• **Directions**: Return all of the data below verbatim and exclude every picture.

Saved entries
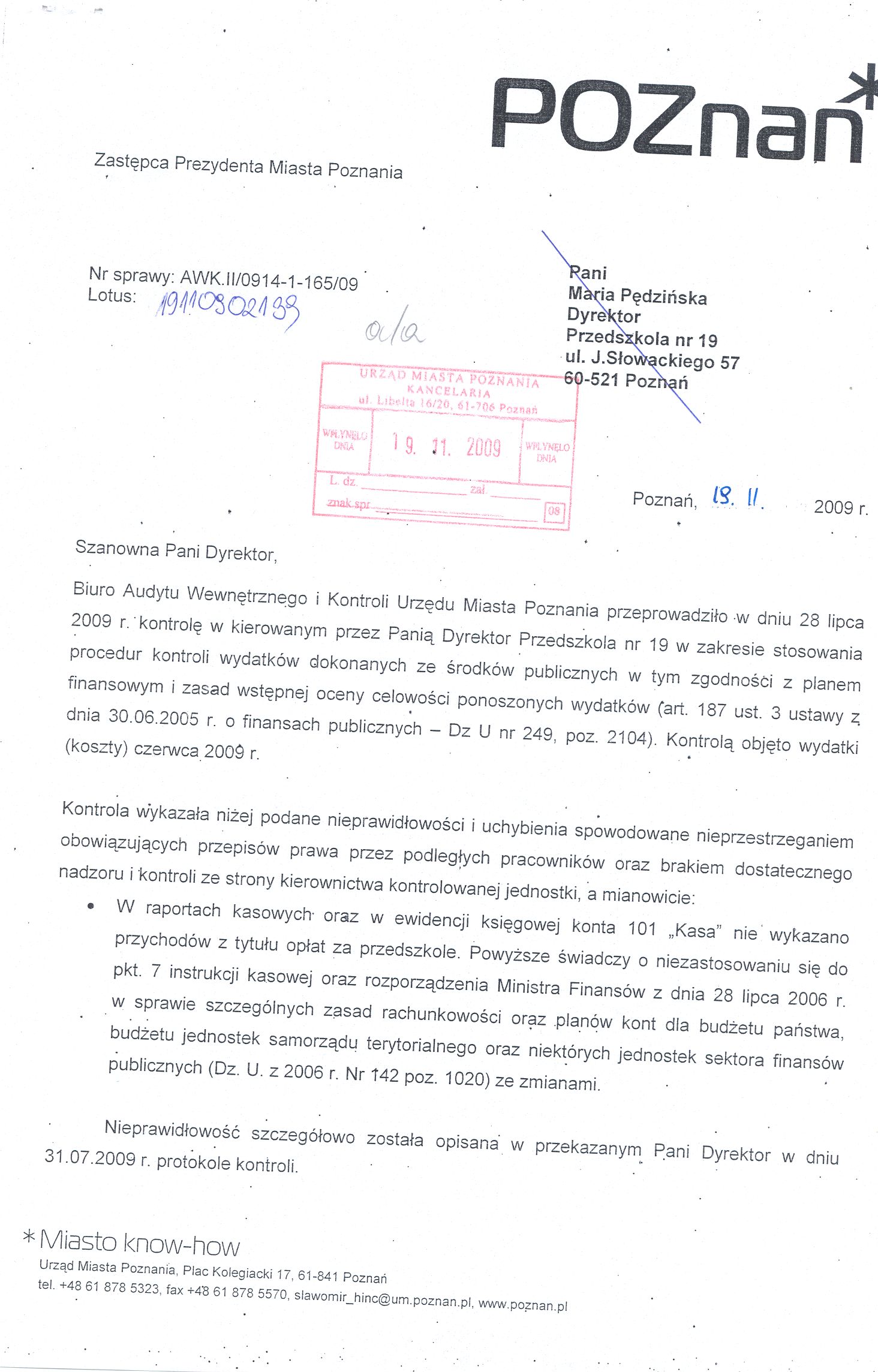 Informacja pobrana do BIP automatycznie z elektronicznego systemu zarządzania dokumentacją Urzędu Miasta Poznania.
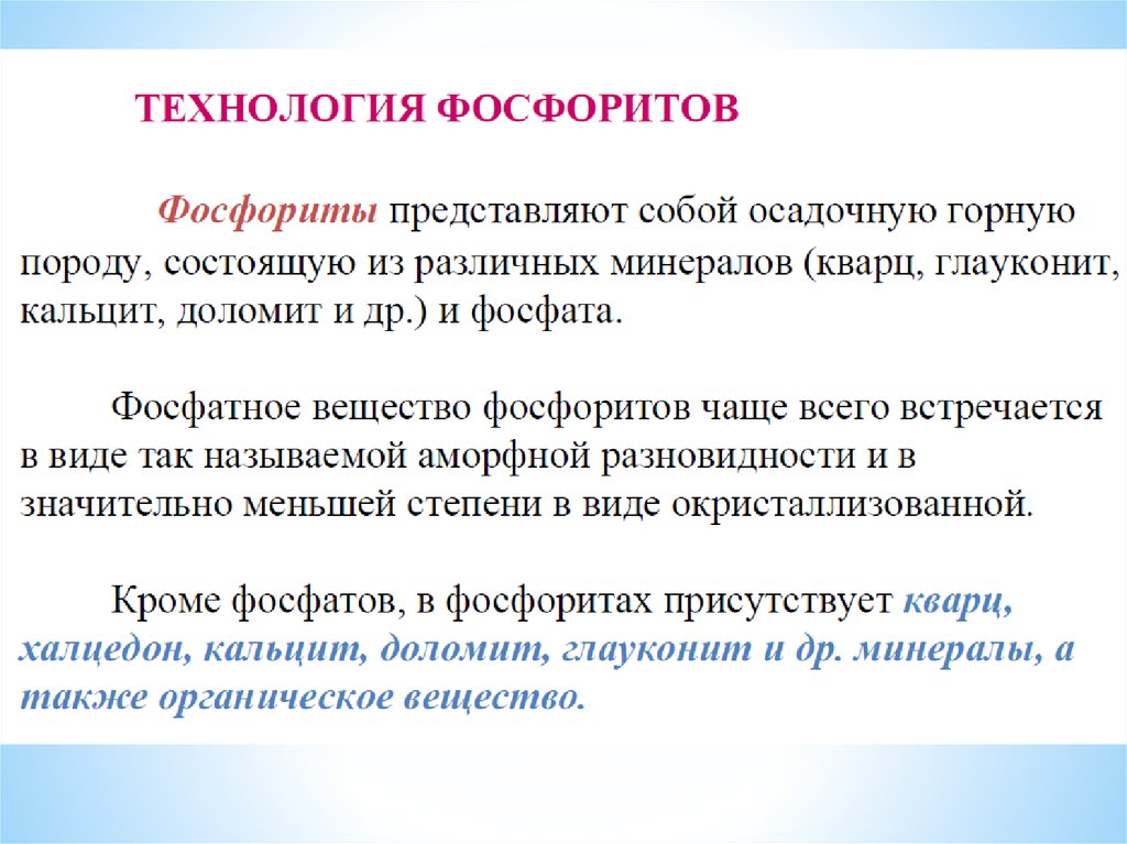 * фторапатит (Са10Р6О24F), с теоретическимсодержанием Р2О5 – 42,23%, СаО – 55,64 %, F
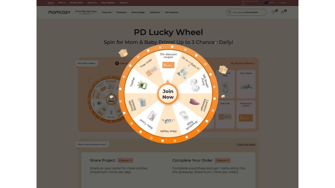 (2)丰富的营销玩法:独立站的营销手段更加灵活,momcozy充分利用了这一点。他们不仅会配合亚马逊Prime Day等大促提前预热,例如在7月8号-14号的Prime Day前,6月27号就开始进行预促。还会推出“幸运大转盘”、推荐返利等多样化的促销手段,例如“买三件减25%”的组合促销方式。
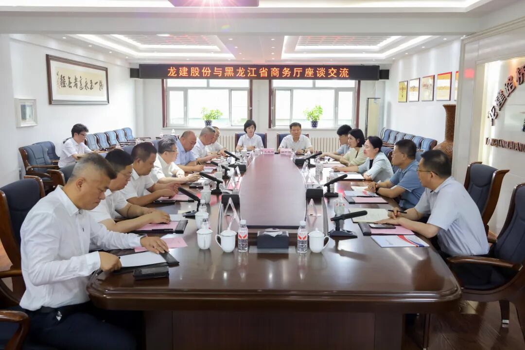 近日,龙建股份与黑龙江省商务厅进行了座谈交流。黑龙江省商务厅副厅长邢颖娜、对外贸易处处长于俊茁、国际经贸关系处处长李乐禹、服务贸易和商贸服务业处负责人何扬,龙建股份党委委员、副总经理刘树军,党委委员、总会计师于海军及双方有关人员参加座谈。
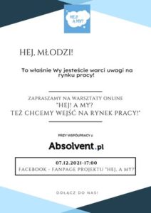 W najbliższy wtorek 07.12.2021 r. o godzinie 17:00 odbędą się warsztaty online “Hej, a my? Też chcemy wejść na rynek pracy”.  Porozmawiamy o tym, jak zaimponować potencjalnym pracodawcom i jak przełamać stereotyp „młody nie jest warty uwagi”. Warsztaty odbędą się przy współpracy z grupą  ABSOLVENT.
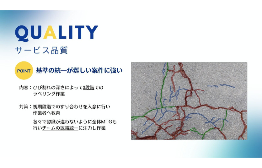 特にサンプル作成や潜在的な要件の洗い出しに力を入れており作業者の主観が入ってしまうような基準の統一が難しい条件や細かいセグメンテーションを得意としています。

• **Result of this task**:
 Informacja pobrana do BIP automatycznie z elektronicznego systemu zarządzania dokumentacją Urzędu Miasta Poznania.
 * фторапатит (Са10Р6О24F), с теоретическимсодержанием Р2О5 – 42,23%, СаО – 55,64 %, F
 (2)丰富的营销玩法:独立站的营销手段更加灵活,momcozy充分利用了这一点。他们不仅会配合亚马逊Prime Day等大促提前预热,例如在7月8号-14号的Prime Day前,6月27号就开始进行预促。还会推出“幸运大转盘”、推荐返利等多样化的促销手段,例如“买三件减25%”的组合促销方式。
 近日,龙建股份与黑龙江省商务厅进行了座谈交流。黑龙江省商务厅副厅长邢颖娜、对外贸易处处长于俊茁、国际经贸关系处处长李乐禹、服务贸易和商贸服务业处负责人何扬,龙建股份党委委员、副总经理刘树军,党委委员、总会计师于海军及双方有关人员参加座谈。
 W najbliższy wtorek 07.12.2021 r. o godzinie 17:00 odbędą się warsztaty online “Hej, a my? Też chcemy wejść na rynek pracy”.  Porozmawiamy o tym, jak zaimponować potencjalnym pracodawcom i jak przełamać stereotyp „młody nie jest warty uwagi”. Warsztaty odbędą się przy współpracy z grupą  ABSOLVENT.
 特にサンプル作成や潜在的な要件の洗い出しに力を入れており作業者の主観が入ってしまうような基準の統一が難しい条件や細かいセグメンテーションを得意としています。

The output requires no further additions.